Global-Local Outlier Score from Hierarchies

Usage

xglosh(
  data,
  k,
  output,
  exclude = NULL,
  metric = "manhattan",
  mode = "soft",
  pc = FALSE,
  boot = FALSE,
  var,
  pcvar = NULL
)

Arguments

data

Data frame of species records with environmental data.

k

The size of the neighborhood (Hahsler et al 2022).

output

Either clean: for data frame with no suspicious outliers or outlier: to return dataframe with only outliers.

exclude

Exclude variables that should not be considered in the fitting the one class model, for example x and y columns or latitude/longitude or any column that the user doesn't want to consider.

metric

The different metric distances to compute the distances among the environmental predictors. See dist function and how te different distances are applied. The different measures are allowed including "euclidean", "maximum", "manhattan", "canberra", "binary".

mode

This includes soft when the outliers are removed using mean to compute the z-scores or robust when median absolute deviation.

pc

Whether principal component analysis will be computed. Default FALSE

boot

Whether bootstrapping will be computed. Default FALSE

var

The variable of concern, which is vital for univariate outlier detection methods

pcvar

Principal component analysis to e used for outlier detection after PCA. Default PC1

Value

Dataframe with or with no outliers.

References

  1. Campello, Ricardo JGB, Davoud Moulavi, Arthur Zimek, and Joerg Sander. Hierarchical density estimates for data clustering, visualization, and outlier detection. ACM Transactions on Knowledge Discovery from Data (TKDD) 10, no. 1 (2015). doi:10.1145/2733381

  2. Hahsler M, Piekenbrock M (2022). dbscan: Density-Based Spatial Clustering of Applications with Noise (DBSCAN) and Related Algorithms. R package version 1.1-11, <https://CRAN.R-project.org/package=dbscan>

Examples

if (FALSE) { # \dontrun{
data("efidata")

gbd <- check_names(data = efidata, colsp='scientificName', pct=90, merge=TRUE)

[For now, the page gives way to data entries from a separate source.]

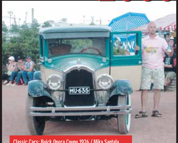
Classic Cars: Buick Opera Coupe 1926 / Mika Santala
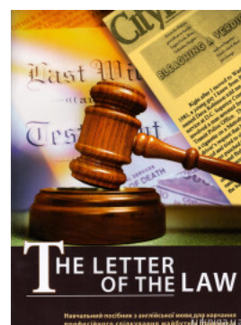
Буква закону. The letter of the law
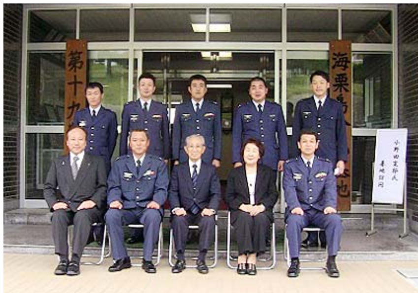
航空自衛隊・対馬第19警戒隊の方々と記念撮影(5月26日)

私は約2年前にも此の地を訪れていますが、今回新たな知識として、此の海上自衛隊・対馬防備隊施設の隣「対馬リゾート」の他に、水上機停泊、格納施設横に位置します「フィッシング・リゾート・シーズン」など合計3件の韓国資本の施設が存在する事を知りました。
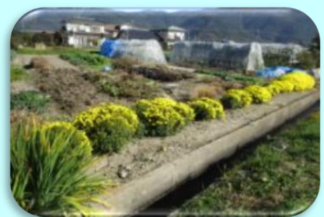
田畑の土手も美しく
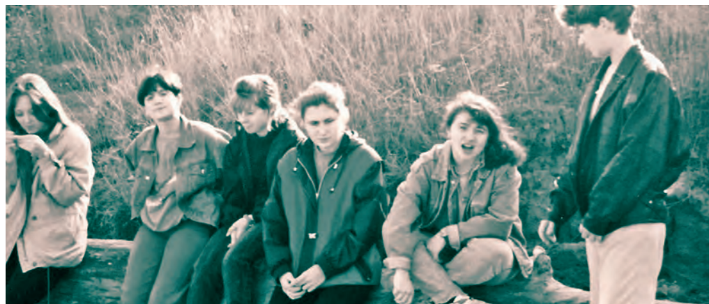
Mädchen-Freizeit Brodten/Lübeck-Travemünde 1995
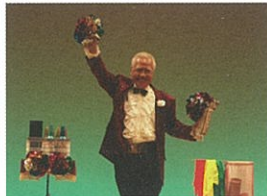
神々クラブ 熟練のマジック同好会メンバー 4 名による本格派マジックショー
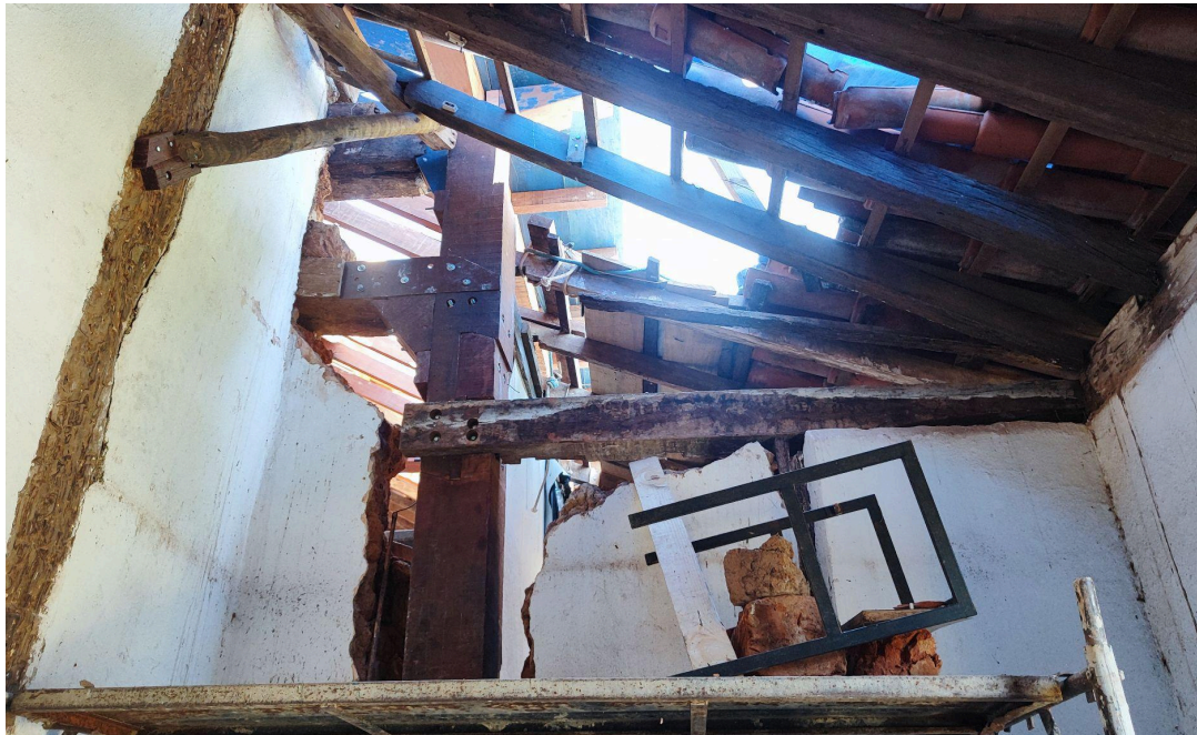
Ligação das peças estruturais da madre e esteio no encontro da parede lateral da nave (lado do Evangelho) com Transepto Data: 06/05/2026
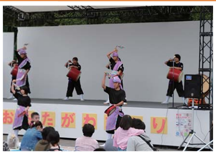
琉球創作 エイサー龍和
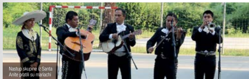
Nastup skupine iz Santa Anite pratili su mariachi

ljudi na koje smo naišli. Od srca vam hvala – zahvali su domaćinima simpatični Meksikanci, čije je gostovanje u Višnjici organizirao Međunarodni klub prijatelja, uz potporu višnjičkih udruga. Nakon Višnjice, gosti iz Meksika posjetili su i Lepoglavu, gdje su razgledali njene znamenitosti.
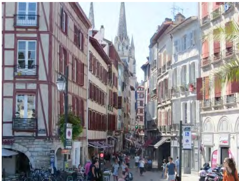
La vieille ville de BAYONNE
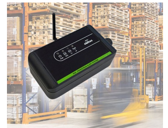
Pedestrian Alert System

danube <- system.file('extdata/danube.shp.zip', package='specleanr')

db <- sf::st_read(danube, quiet=TRUE)

wcd <- terra::rast(system.file('extdata/worldclim.tiff', package='specleanr'))

refdata <- pred_extract(data = gbd, raster= wcd ,
                       lat = 'decimalLatitude',
                       lon= 'decimalLongitude',
                       colsp = 'speciescheck',
                       bbox = db,
                       minpts = 10)

gloshout <- xglosh(data = refdata[['Salmo trutta']], exclude = c("x", "y"),
                output='outlier', metric ='manhattan', k = 3,
                 mode = "soft")
                 } # }